_Records provided_
○ ○ ○ ○
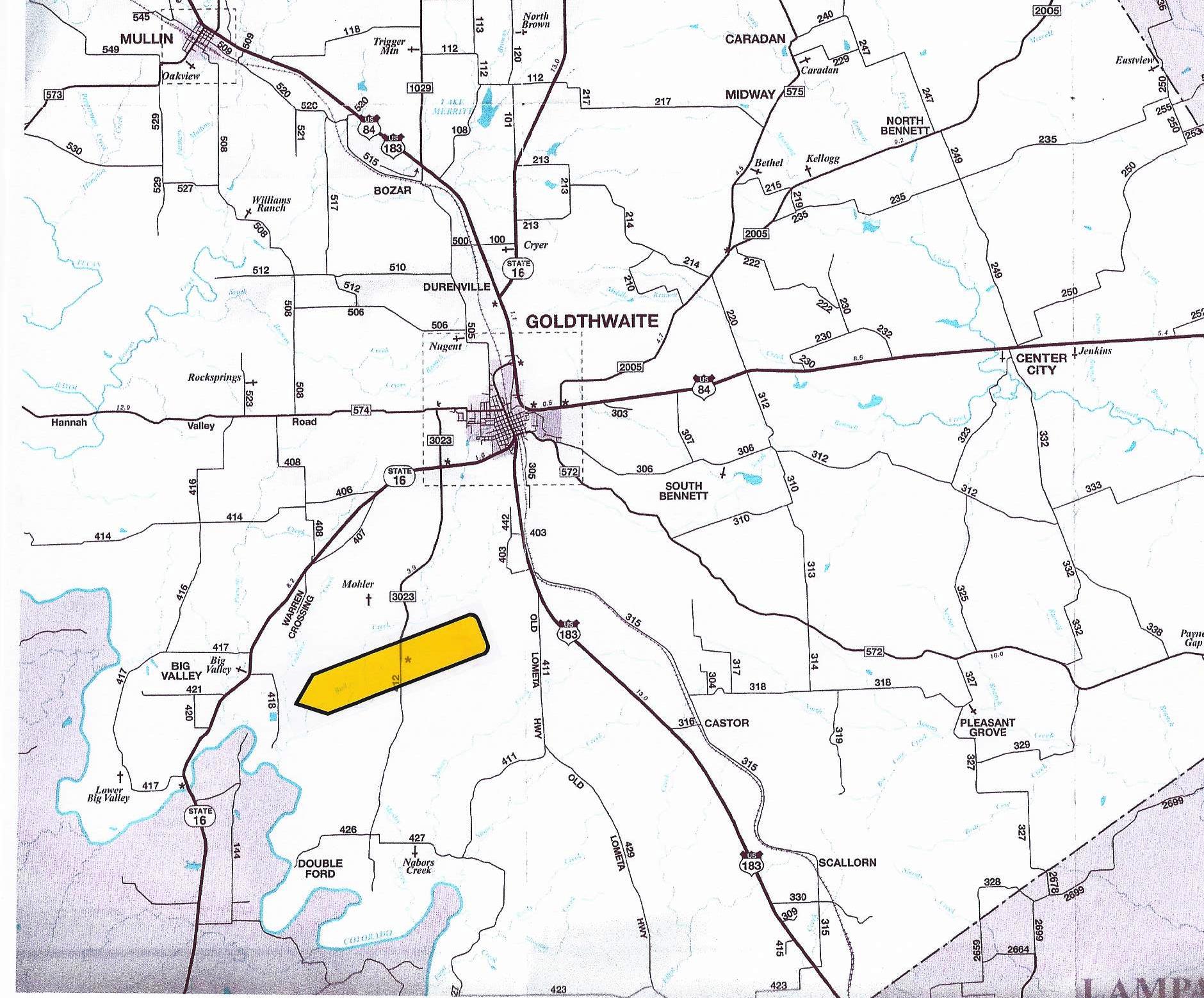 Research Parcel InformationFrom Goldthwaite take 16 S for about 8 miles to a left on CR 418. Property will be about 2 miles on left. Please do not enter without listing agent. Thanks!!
○ ○ ○ ○
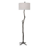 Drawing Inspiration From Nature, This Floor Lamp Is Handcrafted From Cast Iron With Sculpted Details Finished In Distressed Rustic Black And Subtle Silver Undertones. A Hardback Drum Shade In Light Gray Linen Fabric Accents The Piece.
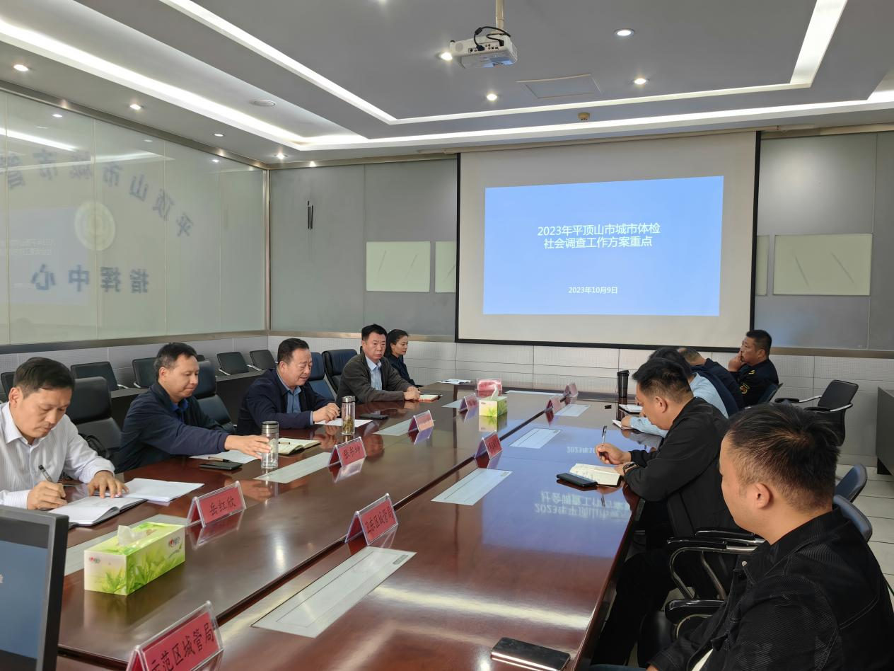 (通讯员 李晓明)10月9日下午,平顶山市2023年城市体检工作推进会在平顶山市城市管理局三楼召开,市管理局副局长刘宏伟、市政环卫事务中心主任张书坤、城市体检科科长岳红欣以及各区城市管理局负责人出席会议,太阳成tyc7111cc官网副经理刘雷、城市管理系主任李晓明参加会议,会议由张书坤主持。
○ ○ ○ ○
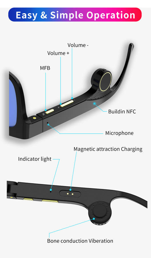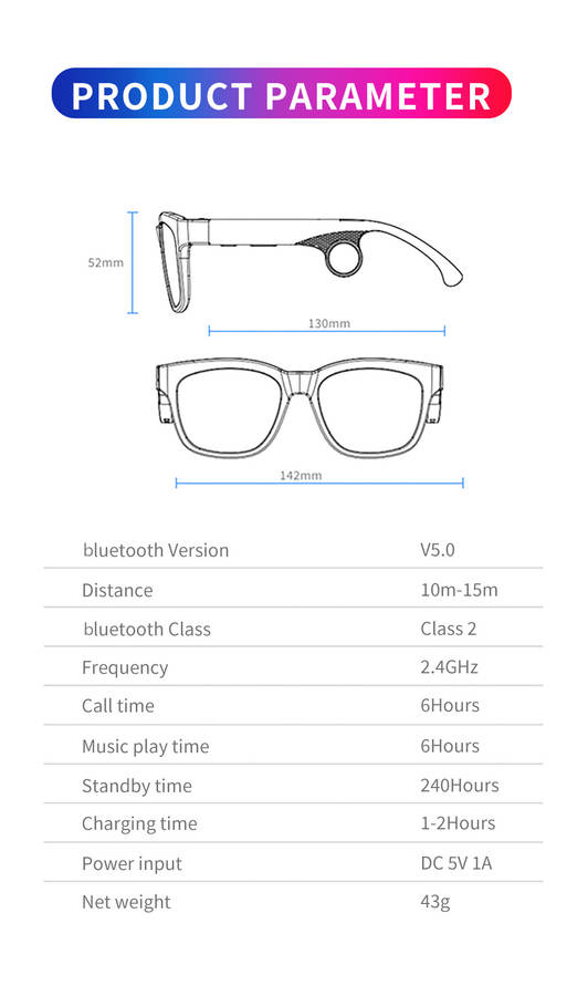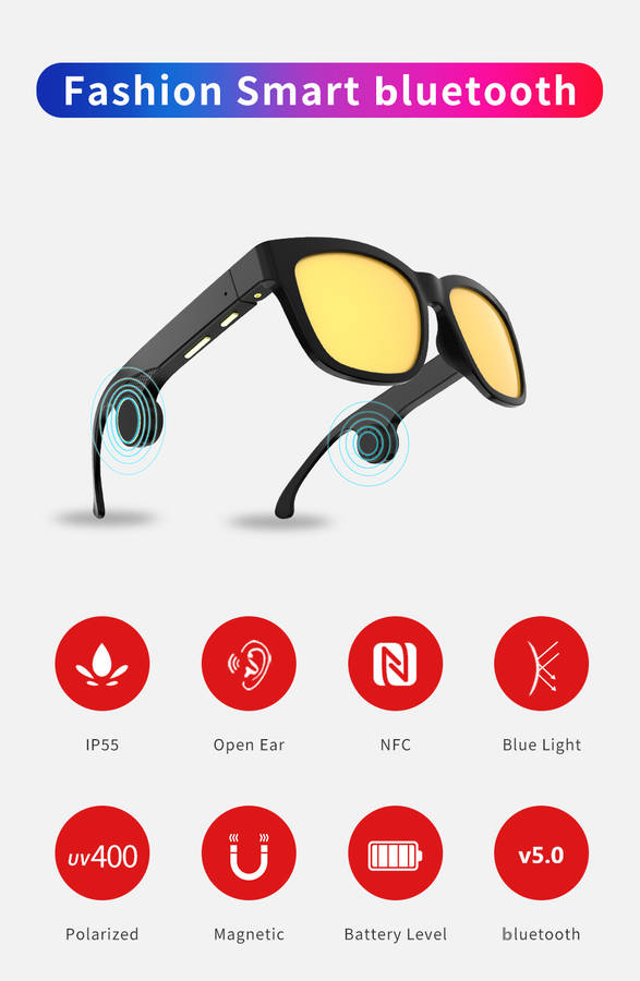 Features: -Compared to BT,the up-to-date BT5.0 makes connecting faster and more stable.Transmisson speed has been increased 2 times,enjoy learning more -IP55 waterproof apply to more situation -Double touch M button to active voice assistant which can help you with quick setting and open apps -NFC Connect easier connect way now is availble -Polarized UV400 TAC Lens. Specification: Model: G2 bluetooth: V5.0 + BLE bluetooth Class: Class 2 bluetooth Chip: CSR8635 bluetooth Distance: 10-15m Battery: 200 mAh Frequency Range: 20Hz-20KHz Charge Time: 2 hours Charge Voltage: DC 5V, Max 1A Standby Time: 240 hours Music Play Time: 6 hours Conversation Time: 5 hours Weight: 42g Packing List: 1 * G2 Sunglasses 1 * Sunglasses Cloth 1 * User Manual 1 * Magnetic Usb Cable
○ ○ ○ ○
_About this exercise_
From the line containing "Drawing Inspiration From" through the line containing "(通讯员 李晓明)10月9日", copy every line above exactly, without pictures.

_Written solution_
 Drawing Inspiration From Nature, This Floor Lamp Is Handcrafted From Cast Iron With Sculpted Details Finished In Distressed Rustic Black And Subtle Silver Undertones. A Hardback Drum Shade In Light Gray Linen Fabric Accents The Piece.
 (通讯员 李晓明)10月9日下午,平顶山市2023年城市体检工作推进会在平顶山市城市管理局三楼召开,市管理局副局长刘宏伟、市政环卫事务中心主任张书坤、城市体检科科长岳红欣以及各区城市管理局负责人出席会议,太阳成tyc7111cc官网副经理刘雷、城市管理系主任李晓明参加会议,会议由张书坤主持。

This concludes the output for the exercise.